[Description of the task] Reproduce from the records below, with no pictures, exactly the lines between the one containing "Eva (Jeanne Moreau)" and the one containing "Nice Ornate metal", inclusive.

[Given data Boundary: Start]

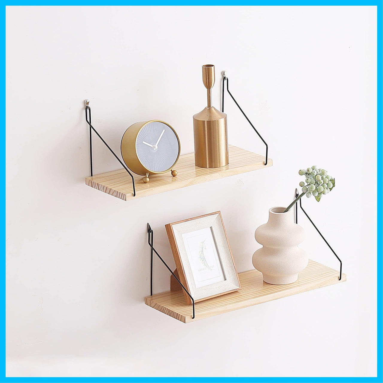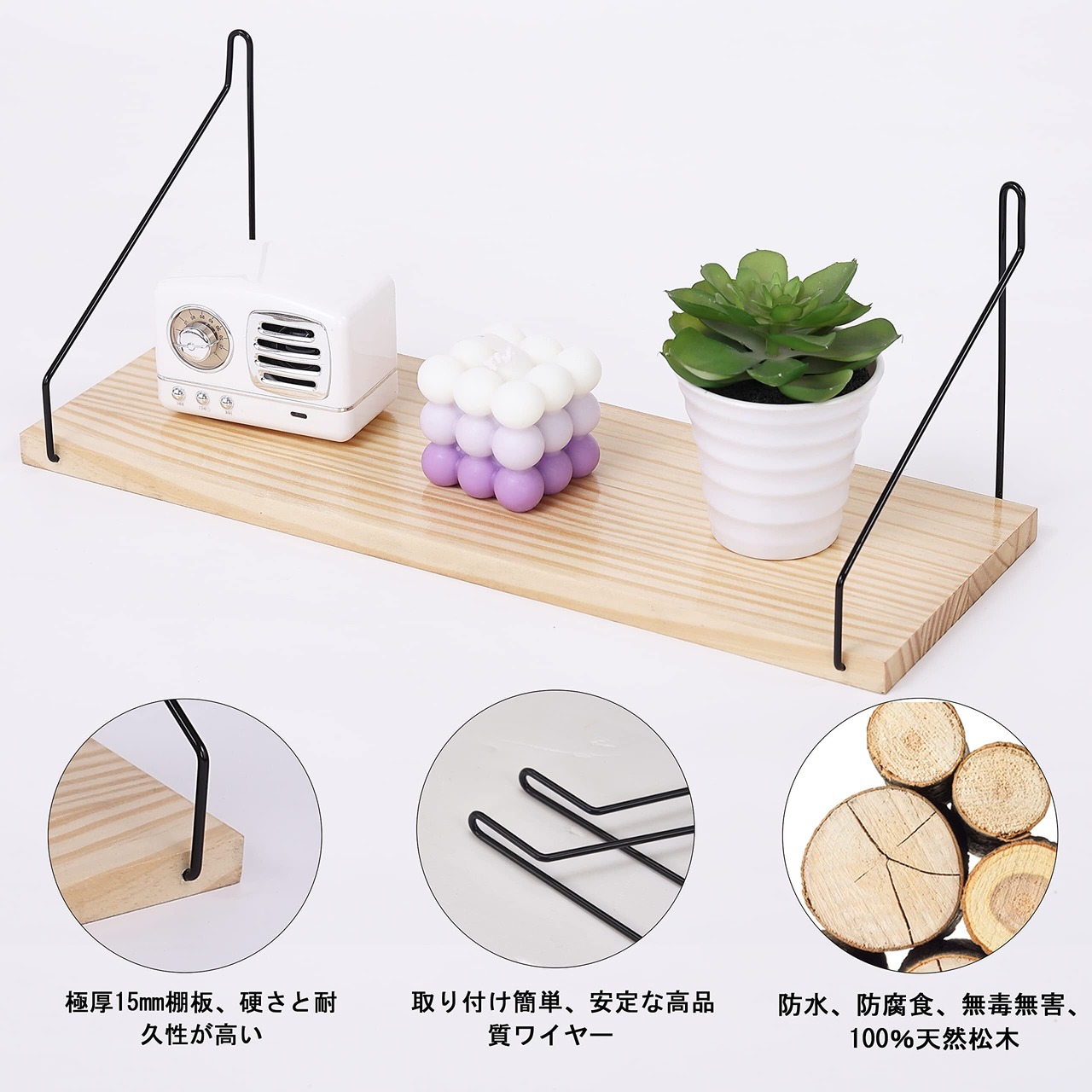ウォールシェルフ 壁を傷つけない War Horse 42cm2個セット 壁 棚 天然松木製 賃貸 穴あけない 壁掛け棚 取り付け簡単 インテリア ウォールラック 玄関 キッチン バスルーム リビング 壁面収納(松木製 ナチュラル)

[Given data Boundary: End]
[Given data Boundary: Start]

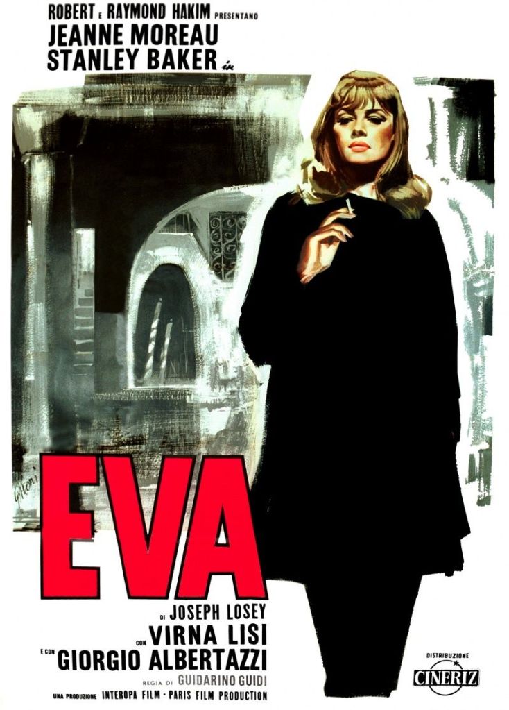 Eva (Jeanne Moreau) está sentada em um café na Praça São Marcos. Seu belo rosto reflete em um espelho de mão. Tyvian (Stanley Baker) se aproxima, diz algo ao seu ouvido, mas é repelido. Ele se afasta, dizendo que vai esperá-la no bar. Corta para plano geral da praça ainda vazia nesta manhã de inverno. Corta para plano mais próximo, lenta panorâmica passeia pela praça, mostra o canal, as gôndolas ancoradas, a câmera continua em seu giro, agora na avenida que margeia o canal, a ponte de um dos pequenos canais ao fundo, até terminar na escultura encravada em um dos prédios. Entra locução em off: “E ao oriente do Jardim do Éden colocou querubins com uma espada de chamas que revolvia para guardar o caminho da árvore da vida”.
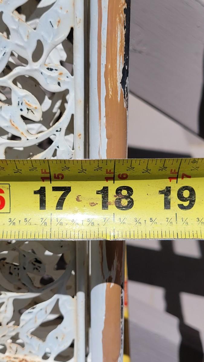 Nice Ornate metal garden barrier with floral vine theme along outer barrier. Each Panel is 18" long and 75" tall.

[Given data Boundary: End]

[Output of the task]
 Eva (Jeanne Moreau) está sentada em um café na Praça São Marcos. Seu belo rosto reflete em um espelho de mão. Tyvian (Stanley Baker) se aproxima, diz algo ao seu ouvido, mas é repelido. Ele se afasta, dizendo que vai esperá-la no bar. Corta para plano geral da praça ainda vazia nesta manhã de inverno. Corta para plano mais próximo, lenta panorâmica passeia pela praça, mostra o canal, as gôndolas ancoradas, a câmera continua em seu giro, agora na avenida que margeia o canal, a ponte de um dos pequenos canais ao fundo, até terminar na escultura encravada em um dos prédios. Entra locução em off: “E ao oriente do Jardim do Éden colocou querubins com uma espada de chamas que revolvia para guardar o caminho da árvore da vida”.
 Nice Ornate metal garden barrier with floral vine theme along outer barrier. Each Panel is 18" long and 75" tall.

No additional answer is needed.